• _YOUR GOAL_: Retype every line from the top of the entries down to the one with "Грузовик едет по шоссе", both included, and skip the pictures.

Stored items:

==*==

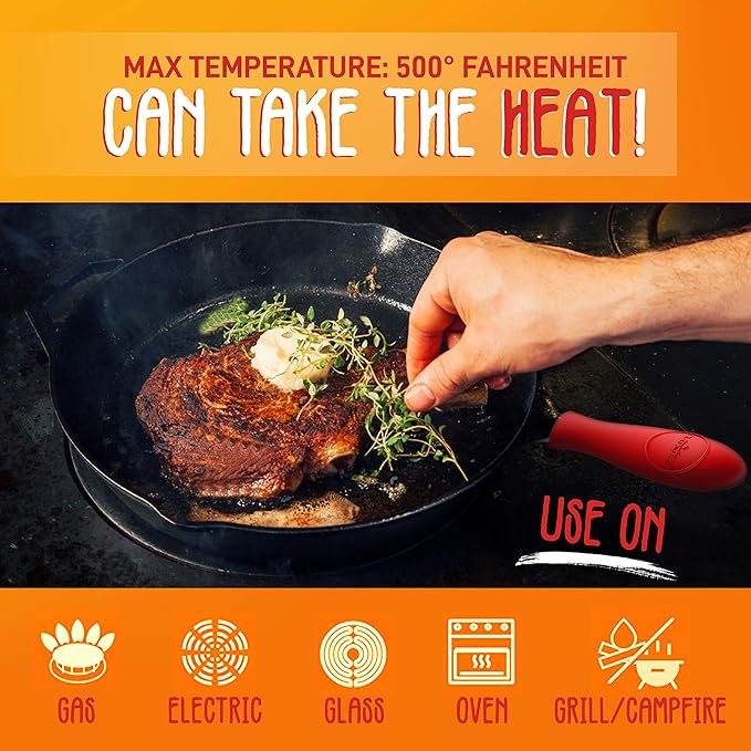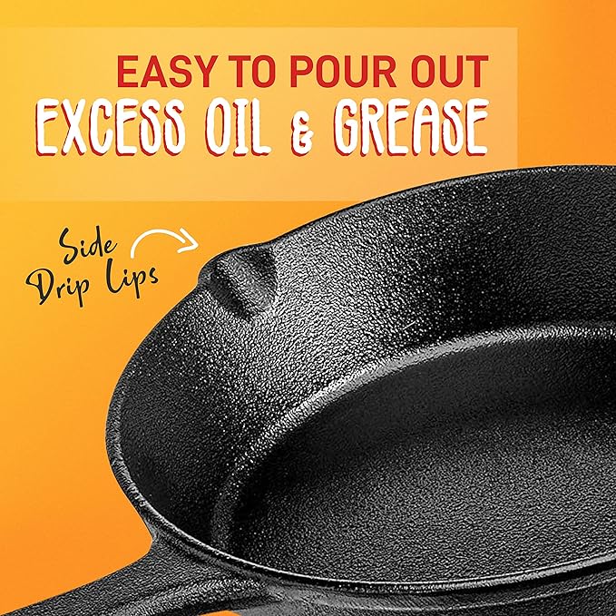 NutriChef 3pc Cast Iron Skillet Set - Nonstick Pans with Drip Spout, Silicone Handles, For All Cooktops
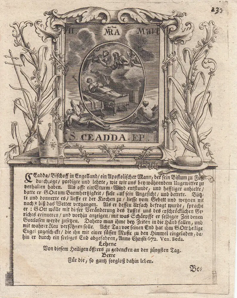 Sankt Ceadda 2. März englischer Bischof Orig Kupferstich um 1750
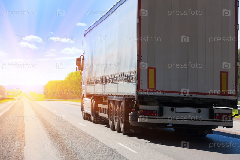 Грузовик едет по шоссе
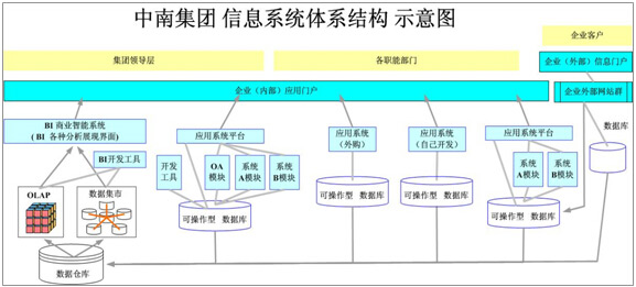 信息系統架構。企業門戶(Portal)是一種基于WEB層的,將不同應用、業務過程、后端系統、服務和信息等內容集成到一個窗口中的系統平臺。中南集團的企業門戶按照應用領域,分為:企業應用門戶和企業信息門戶。以開放的“企業應用門戶”作為各種軟件應用系統的整合平臺;以統一的“企業信息門戶”連接著集團各種外部網站,作為展示企業形象的窗口和獲取外部訪問者信息的接口;以具有各種管理流程的“軟件應用系統”作為數據的提取平臺;以“數據倉庫”和“BI商業智能系統”作為數據匯總和分析的工具,它們共同構成了中南集團的“信息系統體系結構”,達成了一個以集團總部為核心,輻射各子公司、分公司、項目部的集團信息系統,見圖1。
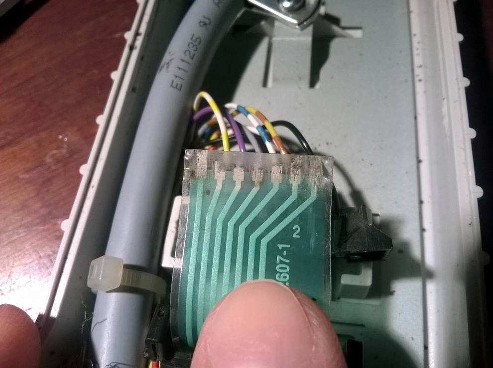 Hajlékony nyák darabból marass vagy faragj ki egy érintkezősort, majd vékony huzallal kösd be az eredeti fólia csíkjaira. ( Ami szerintem forrasztható, ha mégsem akkor a huzalokat vezető ragasztóval rögzítsd. ) Majd oldd meg azt a problémát ( hajlítás, rezgés, korrózió stb ) amitől az eredeti tönkrement.
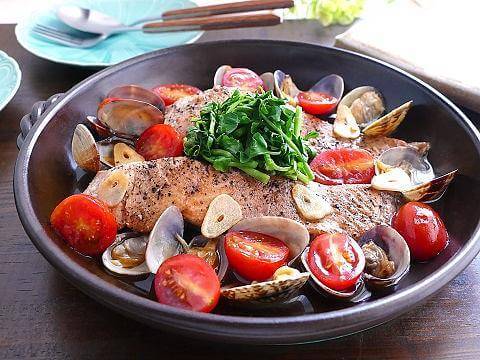 青っぽくさわやかな香りの山菜「セリ」がアクセント!「ヤマサ昆布ぽん酢」で仕上げる和風な鮭のアクアパッツアです。「ヤマサ昆布ぽん酢」のうま味と柑橘の香りが魚介のおいしさを引き立てます。
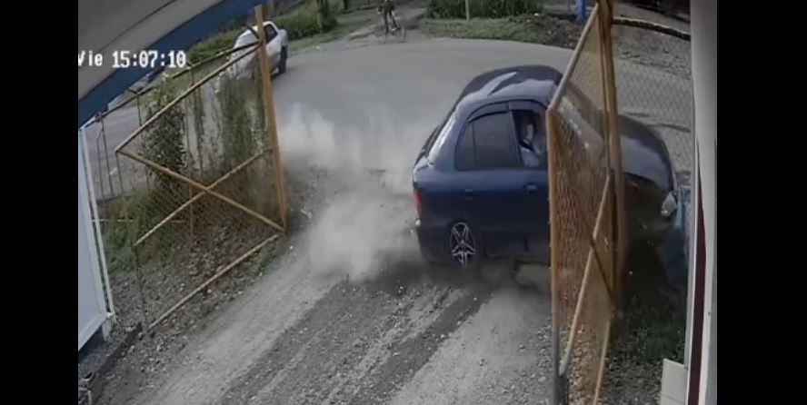 El conductor victima en este caso, trato de evitar la colision contra el otro vehiculo, pero perdio el control y termino chocando contra un porton, tal y como se aprecia en el siguiente video.
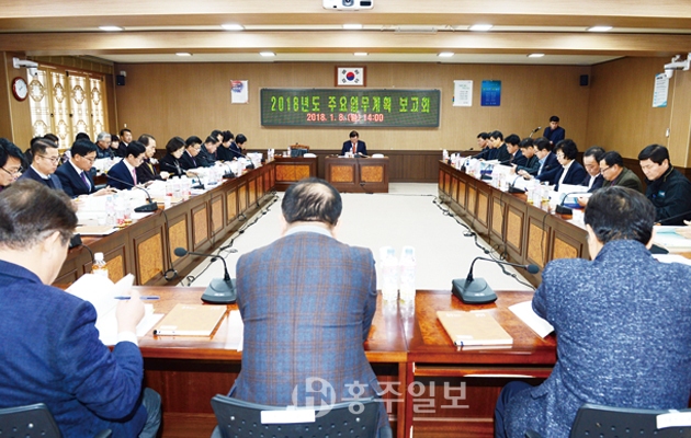 홍성군은 지난 8일 군청 회의실에서 김석환 군수와 이용록 부군수를 비롯한 각 담당관·과장, 직속기관·사업소장 및 군정자문단 등이 참석한 가운데 2018년 주요업무계획 보고회를 개최했다.
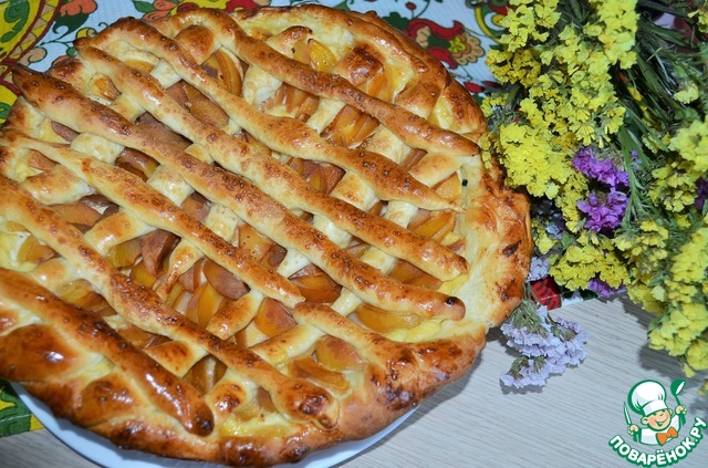 Рецепт «Дрожжевой пирог с творогом и абрикосами»:
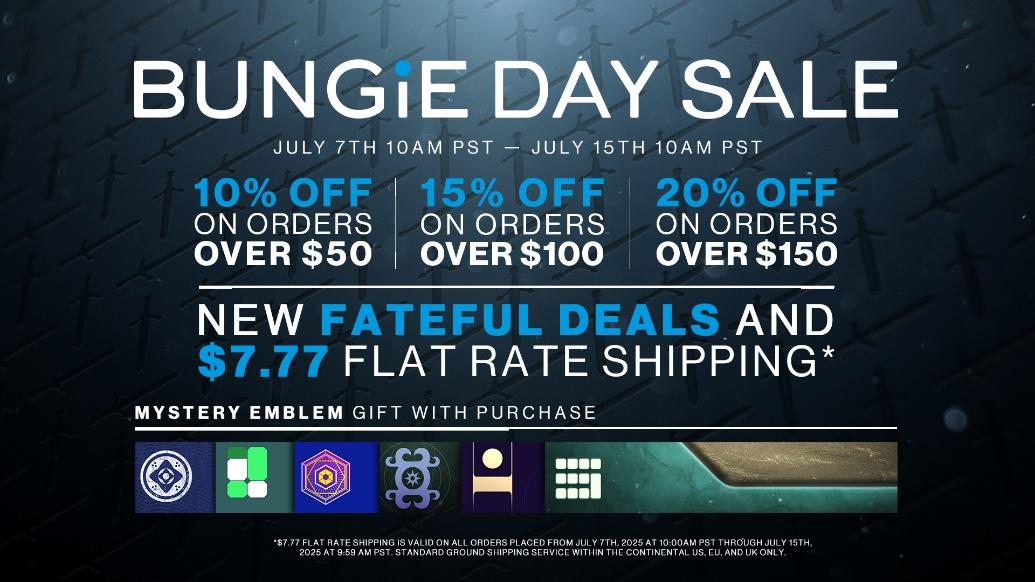 The Bungie Store’s annual Bungie Day Sale returns July 7–15, featuring new ways to save, new Fateful Deals on popular merchandise, and the re-launch of classic Retired Rewards. This year’s sale is the perfect opportunity for Destiny fans to gear up and round out their collections with amazing collectibles.
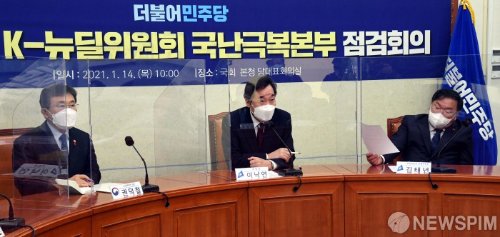 [서울=뉴스핌] 최상수 기자 = 14일 국회 더불어민주당 당대표실에서 열린 K-뉴딜위원회 국난극복 점검회의에서 이낙연 대표가 인사말을 하고 있다. 2021.01.14 kilroy023@newspim.com
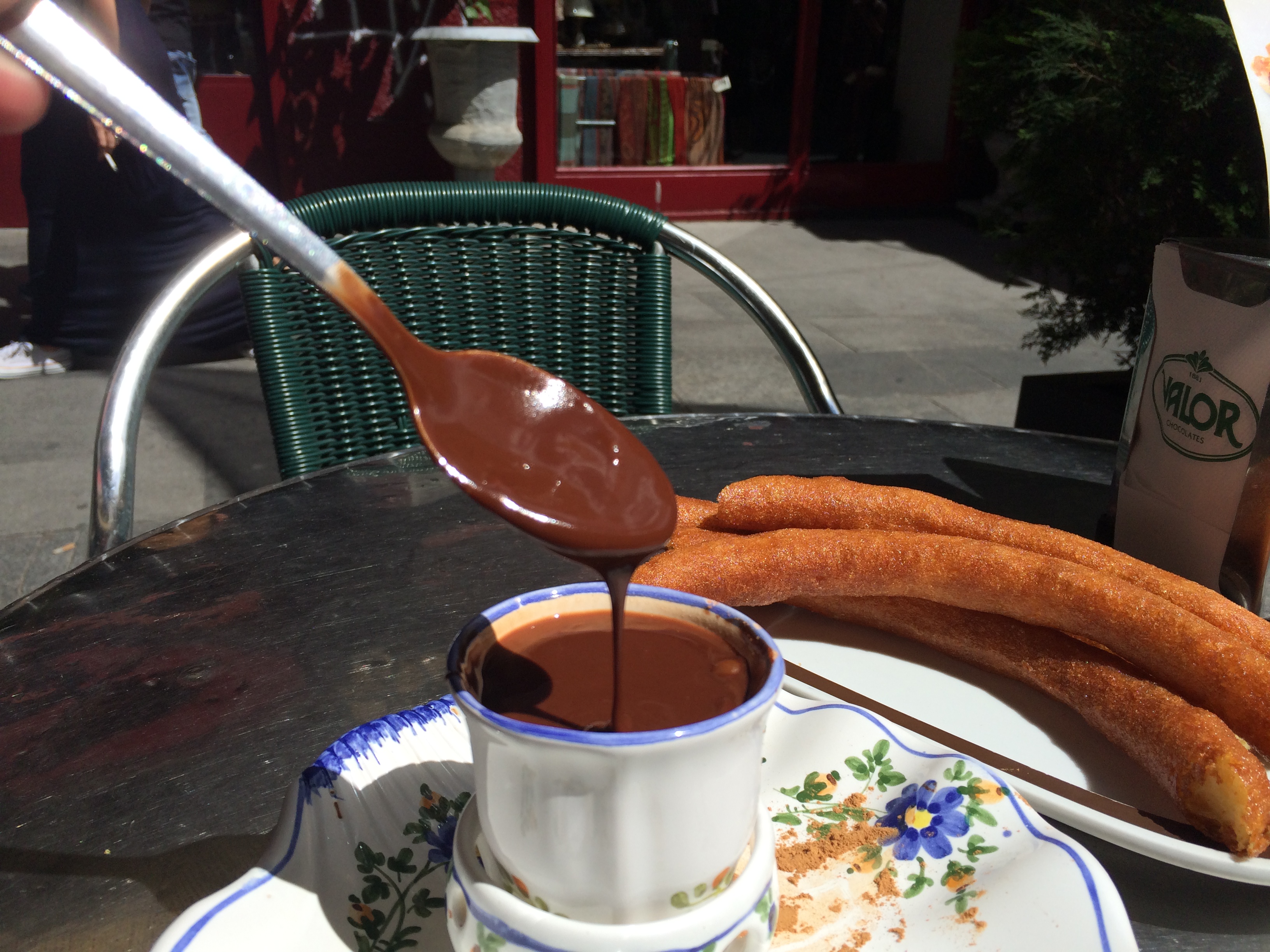 Churros – the most delicious food that has ever existed. You dip them in liquid chocolate.

==*==

• _YOUR RESPONSE_:
 NutriChef 3pc Cast Iron Skillet Set - Nonstick Pans with Drip Spout, Silicone Handles, For All Cooktops
 Sankt Ceadda 2. März englischer Bischof Orig Kupferstich um 1750
 Грузовик едет по шоссе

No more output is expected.